In all, the United Nations says, 11 million people need life-saving assistance because of the drought.

Unfortunately this kind of crisis brings out, in some people, a tendency to moralise: "What can you expect from a failed state?" we hear. "Aid won't help if they don't reform."

To which the best response is the most obvious one: millions of people are at death's door; this is no time for lectures and theories. "Grub first, then ethics," said the German playwright Berthold Brecht, and the line was never more appropriate. This is the time, in other words, for the world to open its granaries and bank accounts to keep those people alive, pull them back from misery and give them a hint of hope.

So far aid has been desultory and limited. Western governments have pledged some, and the UAE has committed food, water and shelter. But aid groups have been warning to little avail for months that this drought was creating grave problems. Perhaps those 11 million people would be faring better if they had been cursed by a sudden natural disaster, such as an earthquake or tsunami, rather than a slow-building crisis.
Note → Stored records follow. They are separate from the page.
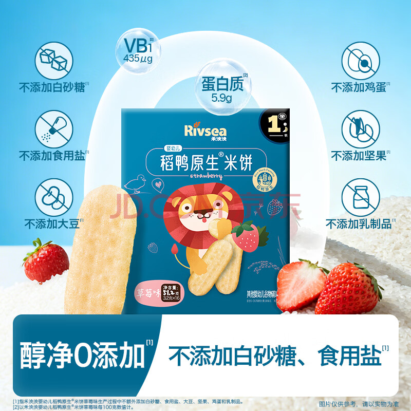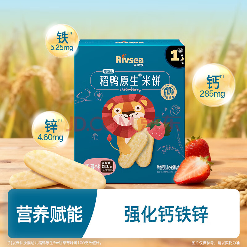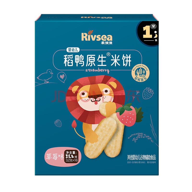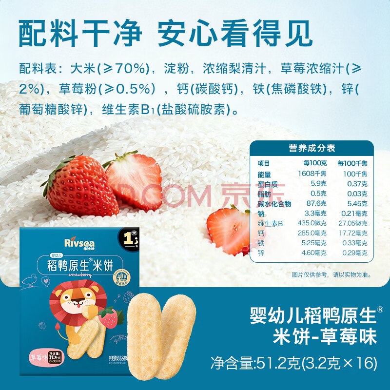 商品相册:禾泱泱婴幼儿米饼草莓味51.2g(32片) 稻鸭原生高钙宝宝零食6月+第
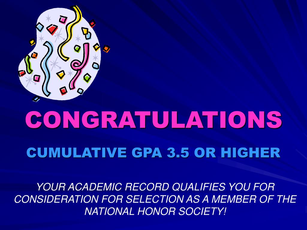 CONGRATULATIONS CUMULATIVE GPA 3.5 OR HIGHER YOUR ACADEMIC RECORD QUALIFIES YOU FOR CONSIDERATION FOR SELECTION AS A MEMBER OF THE NATIONAL HONOR SOCIETY!
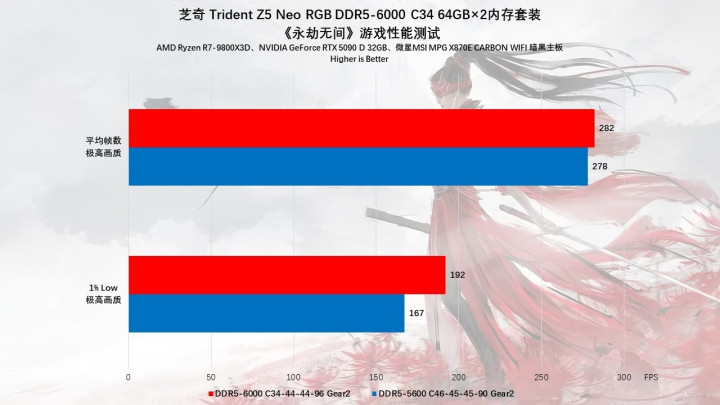 内存频率的高低在《永劫无间》里会比较明显一些,特别是1%Low帧,例如5600MHz下游戏平均帧为278 FPS,1%Low为167 FPS,而开启EXPO档位后,游戏平均帧相差不多,但是1%Low提升了将近30 FPS,反映在游戏中就是你的体验更加丝滑,卡顿或者跳帧的情况更少,能够大大提升游戏体验,特别是这种追求FPS的游戏,更高的1% Low往往就是决胜的关键。
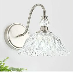 New 1 Piece Brushed Nickel Wall Sconce with Floral Clear Glass Shade, Brushed Nickel Finish Wall Mount Lighting for Bathroom, Modern Bathroom Vanity L$50Red Oak, TX
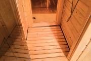 Можно и нужно заказать в парной пластиковый пол во всю парную с деревянными трапиками, Ссылка на фото и видео
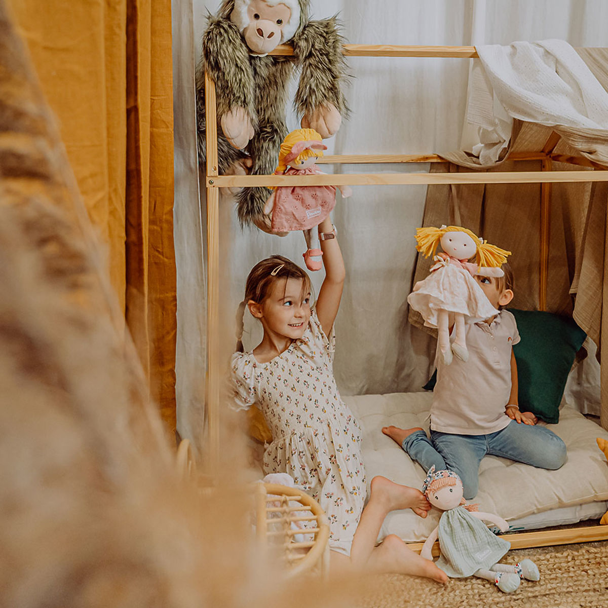 Lalka materiałowa Suzette często jest zamyślona i lubi zanurzać się w pięknych opowieściach. Chętnie nosi ładne, zwiewne różowe sukienki z bawełny ozdobione haftami kwiatów, różowe baleriny, opaskę z dużą kokardą z odrobiną tiulu. Ubrania można zdejmować i zakładać ponownie. Lalka jest dostarczana w oryginalnym pudełku prezentowym. Zabawka spełnia europejskie normy bezpieczeństwa CE. Pielęgnacja: Prać w kąpieli w 30°. Zalecenie: Suszenie naturalne lub w niskiej temperaturze. Główne cechy: odpowiednia od urodzenia, bawełniana twarz, haftowane oczy i usta oraz piegi, lalka z akcesoriami, które można zdejmować i zakładać, w pudełku prezentowym.
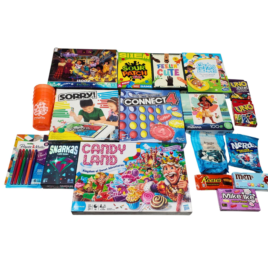 The winning bidder will take home a basket filled with fun games and snacks for the family. This basket includes a 1500 pc Encanto puzzle, Feelin Cute, Chutes & Ladders, Uno and Uno Flip, 100 pc Moana puzzle, Connect 4, Candy Land, Sorry!, Snarkas Card Game, Sixem Dice Game, Hootenanny Games cups, a notebook and pens (for keeping score, of course!) and assorted candies to share.
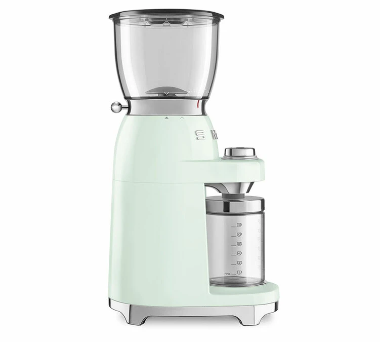 Le SMEG CGF01PGEU vert d’eau est un moulin à café polyvalent, avec un design rétro tout droit des années 50.
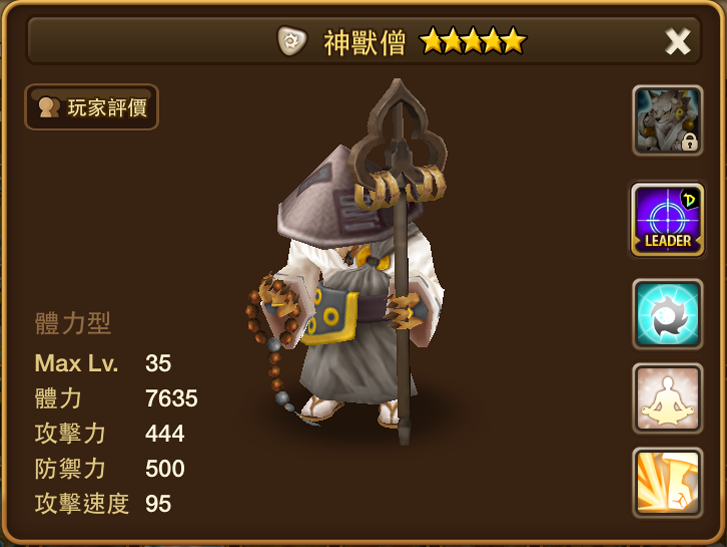 名稱 | 神獸僧 | 屬性 | 光屬性 | 類型 | 體力型 | 攻擊速度 | 95 |
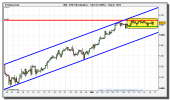 Mientras las líneas verdes, 10.900 puntos en el Ibex y 5.585 puntos en el Footsie, no se crucen claramente a la baja, el chartismo dice que estamos ante una típica pauta de consolidación previa al reinicio de un tramo en el sentido de la tendencia previa, es decir, al alza. De producirse esa rotura alcista, el techo del canal azul en el caso del índice inglés parece el destino probable para la cotización. En el caso del Ibex, la cosa se complica un poco, ya que de producirse en sesiones inmediatas se habría confirmado algo parecdio a un hombro-cabeza-hombro invertido (perdonen los puristas, pero la sicología que subyace es la misma sea como sea el dibujo del hombro derecho) con proyecciones en los máximos de enero.
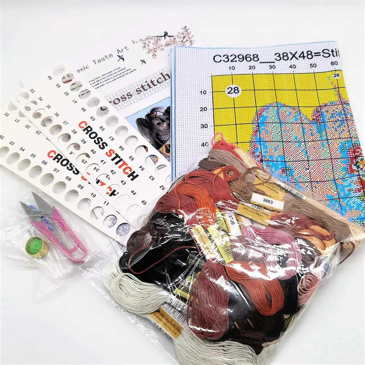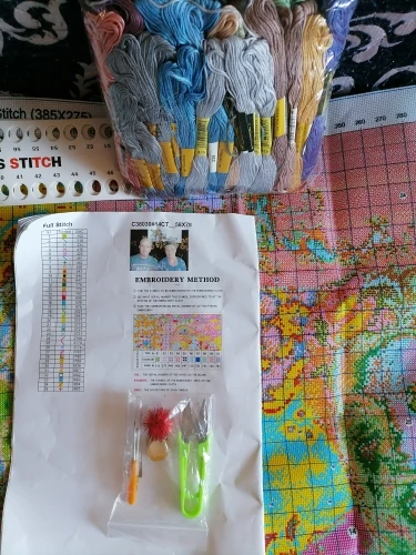 Набор очень понравился. Вышивка крестом - это не сложно и даже интересно, если вы будете вышивать то, что вам нравится и что вы любите. Я выбрала для вышивки фото своей любимой собачки. Размер выбрала 30см на 40см , нитки хлопок 11CT , отправила фото продавцу и через три дня моя вышивка была уже в пути. Вышивка пришла быстро , в фирменном плотном пакете на кнопке с крючком. Можно покупать на оригинальный подарок. В наборе всё, что необходимо для создания уникальной вышитой картины своими руками: плотная канва с вашим изображением, нитки: мне пришло 44 моточка в 36 цветов, 3 иглы, органайзеры 2 шт , распарыватель, ножницы, наперсток, нитковдеватель, подробная инструкция именно для вашей вышивки. Изображение на канве точно совпадает с фото, качество отличное , всё ярко и хорошо видно. Рекомендую!

When disaster strikes swiftly the world seems to takes notice. Slow-building devastation is erroneously viewed as less news worthy.

There is some truth in the sermonising about bad governance, and the presence of Al Qaeda-affiliate Al Shabaab has made some governments reluctant to lend a hand. And even now the US appears more interested in drone strikes than food drops.

But for today, simple human need, nakedly desperate, must be the first concern. The United Nations Children's Fund says two million children are now malnourished, to say nothing of adults. How can the rest of the world fail to respond?